16 Top Big Data Analytics Platforms - InformationWeek

InformationWeek is part of the Informa Tech Division of Informa PLC

This site is operated by a business or businesses owned by Informa PLC and all copyright resides with them.Informa PLC's registered office is 5 Howick Place, London SW1P 1WG. Registered in England and Wales. Number 8860726.

IoT
IoT
Data Management // Big Data Analytics
News
1/30/2014
09:06 AM
Doug Henschen
Doug Henschen
Slideshows
Connect Directly
Google+
LinkedIn
Twitter
RSS
E-Mail

16 Top Big Data Analytics Platforms

Data analysis is a do-or-die requirement for today's businesses. We analyze notable vendor choices, from Hadoop upstarts to traditional database players.
1 of 17

1 of 17
Comment  | 
Print  | 
Comments
Newest First  |  Oldest First  |  Threaded View
Page 1 / 3   >   >>
shane88
50%
50%
shane88,
User Rank: Apprentice
10/9/2017 | 5:35:16 AM
Re: It's time for this update
This tool might also help: JSON formatter. Have a nice day!
UrvashiS073
50%
50%
UrvashiS073,
User Rank: Apprentice
4/27/2017 | 1:30:45 PM
IRI Voracity

I would add to this list IRI Voracity, the big data discovery, integration, migration, governance, and analytics platform introduced in 2016 to address the performance, security, quality, complexity and cost issues in legacy vendor and speciality tools.

eyu906
50%
50%
eyu906,
User Rank: Strategist
1/6/2015 | 12:36:09 PM
Drill-downs?
Dell Boomi is the #1 cloud integration platform.  Are you going to drill down to help users regarding technology strategy?
KenB037
100%
0%
KenB037,
User Rank: Apprentice
9/24/2014 | 10:27:52 PM
Great article! When is the next update?
Super overview article! I realize that it will be a lot of work, but it would be great if you decide to write an update sometime time soon.  I am already looking forward to it!
LesterK048
0%
100%
LesterK048,
User Rank: Apprentice
8/8/2014 | 2:51:40 AM
Re: It's time for this update
A smaller company which can process big JSON data for easier visualization is json-csv.com. You may want to check it out.
bigdatarelated
50%
50%
bigdatarelated,
User Rank: Apprentice
4/23/2014 | 11:24:38 AM
Re: A collection of marketing flyers from 16 vendors
Great article. I've added a link to it from  Bigdatarelated, a free big data community resource website.
Akon786
50%
50%
Akon786,
User Rank: Apprentice
2/20/2014 | 6:39:55 AM
Bedrock Data Management Platform 2.0
Comprehensive and well rounded article.

Where does Bedrock Data Management Platform 2.0 figure in the game?
D. Henschen
50%
50%
D. Henschen,
User Rank: Author
2/11/2014 | 1:28:26 PM
Re: Bravo
Thanks, Wayne.
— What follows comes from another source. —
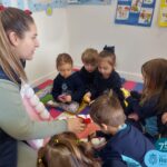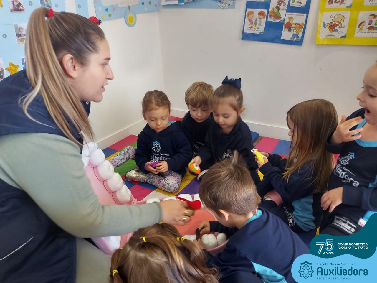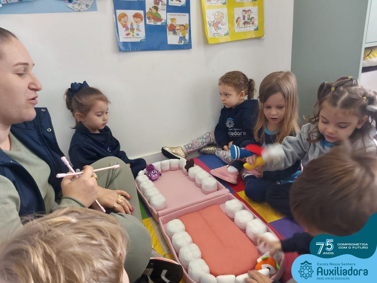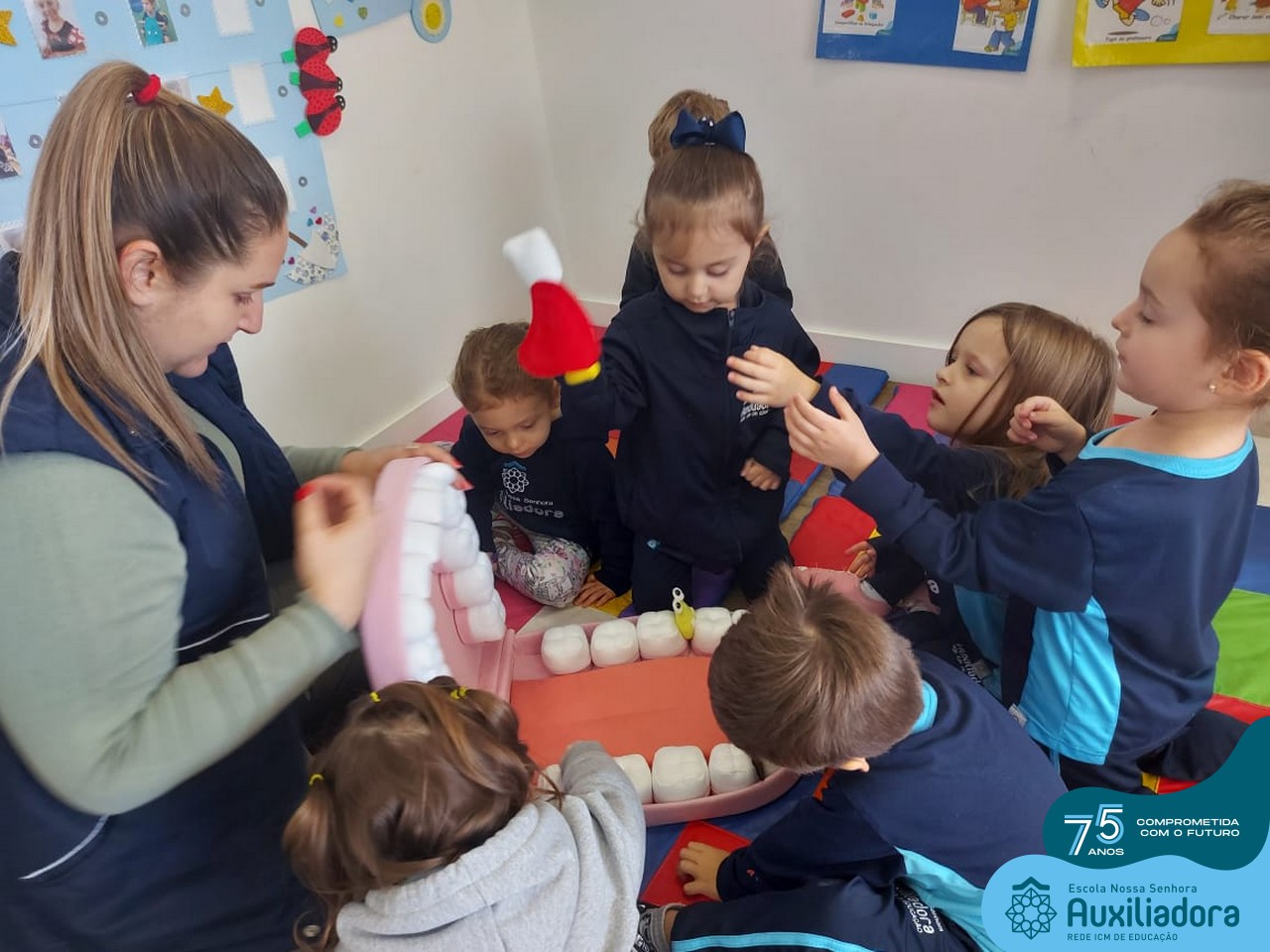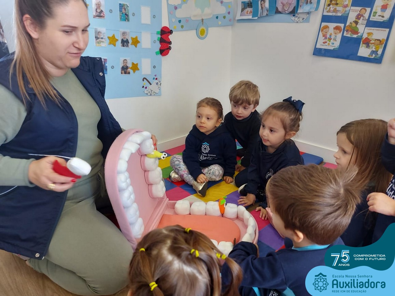 Além de desenvolver a imaginação, trabalhar a coordenação motora e também a importância da higiene bucal no nosso dia a dia, as crianças aprenderam de forma lúdica vivenciando momentos de aprendizagem e explorando

Coming from such an esteemed expert, I'm flattered.
weckerson
50%
50%
weckerson,
User Rank: Apprentice
2/6/2014 | 4:33:06 PM
Bravo
Doug, 

Well done. This is a ton of work and well done! A great resource. 

 

Wayne
D. Henschen
100%
0%
D. Henschen,
User Rank: Author
2/5/2014 | 9:18:53 AM
Re: What about Personalized Big Data Analytics?
Analytics tools and BI systems run on servers, but these systems are generally not scaled to handle big data. More often than not, these systems draw data from data warehouses or data marts. Increasingly, a larger-scale "platform" such as a massively parallel processing (MPP) database management system or Hadoop cluster is required to handle the volume and variety of data. Some analytics vendors, notably SAS but including others, are developing their own in-memory cluster software or implementations on top of Hadoop, but the vast majority of clients use analytics and BI software in combination with data-management platforms from third-party vendors like those covered in the collection above.

Confusing matters, many vendors above offer analytic capabilites -- IBM has SPSS and Cognos; SAP has BusinessObjects and Predictive Analysis; Oracle, Pivotal, and Teradata tap advanced SQL analytics, R and various partnerships with analytics vendors including SAS, etc. -- but they're not included in this collection because of those capabilites.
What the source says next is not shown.